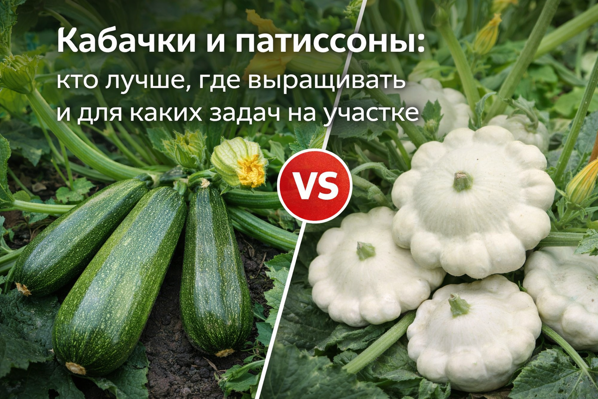 Кабачки и патиссоны часто воспринимают как «почти одно и то же»: родственники, одна группа тыквенных, похожая агротехника. Из-за этого выбор между ними обычно делают на уровне вкуса или внешнего вида. И именно здесь начинается разочарование: кто-то ждёт от патиссонов объёма кабачков, а кто-то надеется, что кабачки дадут тот же результат в заготовках, что и патиссоны.
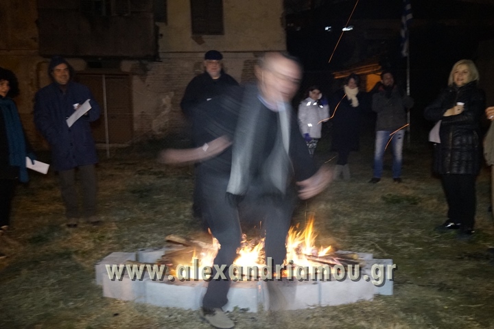 Ο δικηγόρος και λαογράφος- συγγραφέας Γιάννης Μοσχόπουλος ενημέρωσε τους παρευρισκόμενους για την ιστορία και την προέλευση του εθίμου.Παρευρέθηκαν ο βουλευτής του ΣΥΡΙΖΑ κ. Χρήστος Αντωνίου, ο Δκτης του Α.Τ. Αλεξάνδρειας κ. Κυριακίδης Νίκος ,ο λαογράφος κ. Γιώργος Ντελιόπουλος, μέλη και φίλοι της Εστίας.
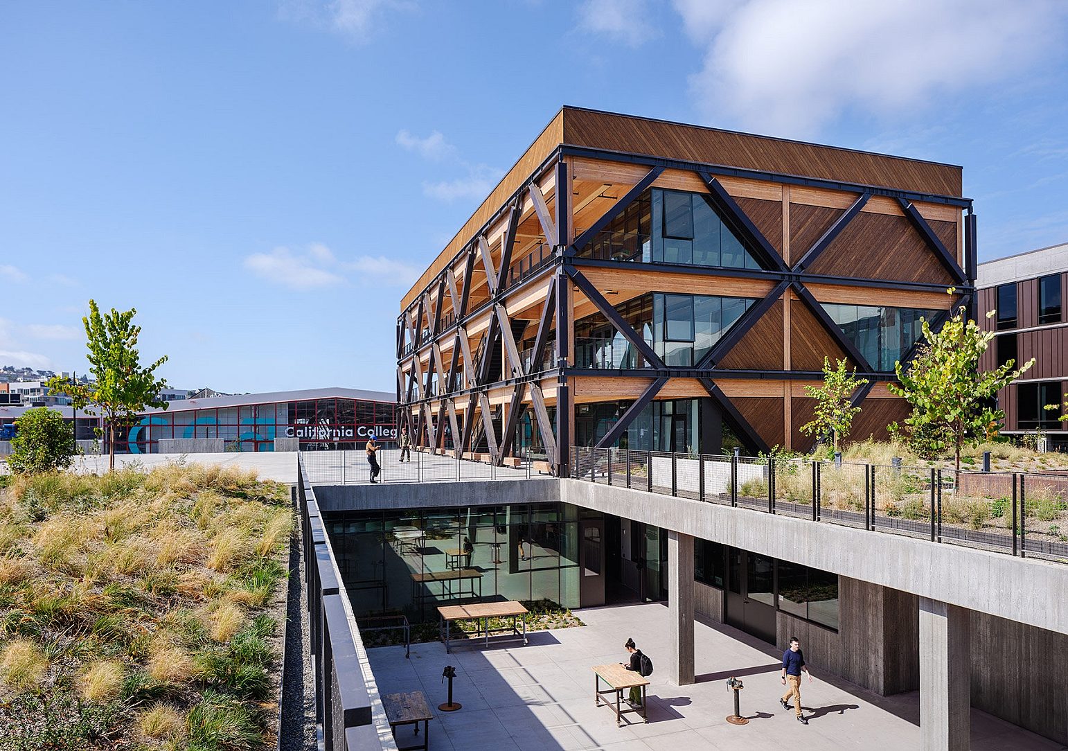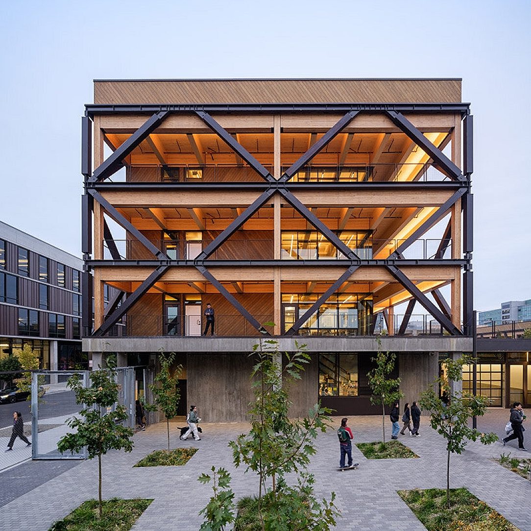 The design of the California College of the Arts Campus Expansion in San Francisco stands as a bold example of forward-thinking architecture, blending mass timber with galvanized steel to achieve both sustainability and performance. By incorporating cross-laminated timber (CLT) and glulam beams, the project drastically reduces its carbon footprint compared to traditional construction methods, reinforcing its commitment to sustainable design.

TASK DIRECTIONS - Retype all the data exactly; skip the pictures.

YOUR RESPONSE -
 Кабачки и патиссоны часто воспринимают как «почти одно и то же»: родственники, одна группа тыквенных, похожая агротехника. Из-за этого выбор между ними обычно делают на уровне вкуса или внешнего вида. И именно здесь начинается разочарование: кто-то ждёт от патиссонов объёма кабачков, а кто-то надеется, что кабачки дадут тот же результат в заготовках, что и патиссоны.
 Ο δικηγόρος και λαογράφος- συγγραφέας Γιάννης Μοσχόπουλος ενημέρωσε τους παρευρισκόμενους για την ιστορία και την προέλευση του εθίμου.Παρευρέθηκαν ο βουλευτής του ΣΥΡΙΖΑ κ. Χρήστος Αντωνίου, ο Δκτης του Α.Τ. Αλεξάνδρειας κ. Κυριακίδης Νίκος ,ο λαογράφος κ. Γιώργος Ντελιόπουλος, μέλη και φίλοι της Εστίας.
 The design of the California College of the Arts Campus Expansion in San Francisco stands as a bold example of forward-thinking architecture, blending mass timber with galvanized steel to achieve both sustainability and performance. By incorporating cross-laminated timber (CLT) and glulam beams, the project drastically reduces its carbon footprint compared to traditional construction methods, reinforcing its commitment to sustainable design.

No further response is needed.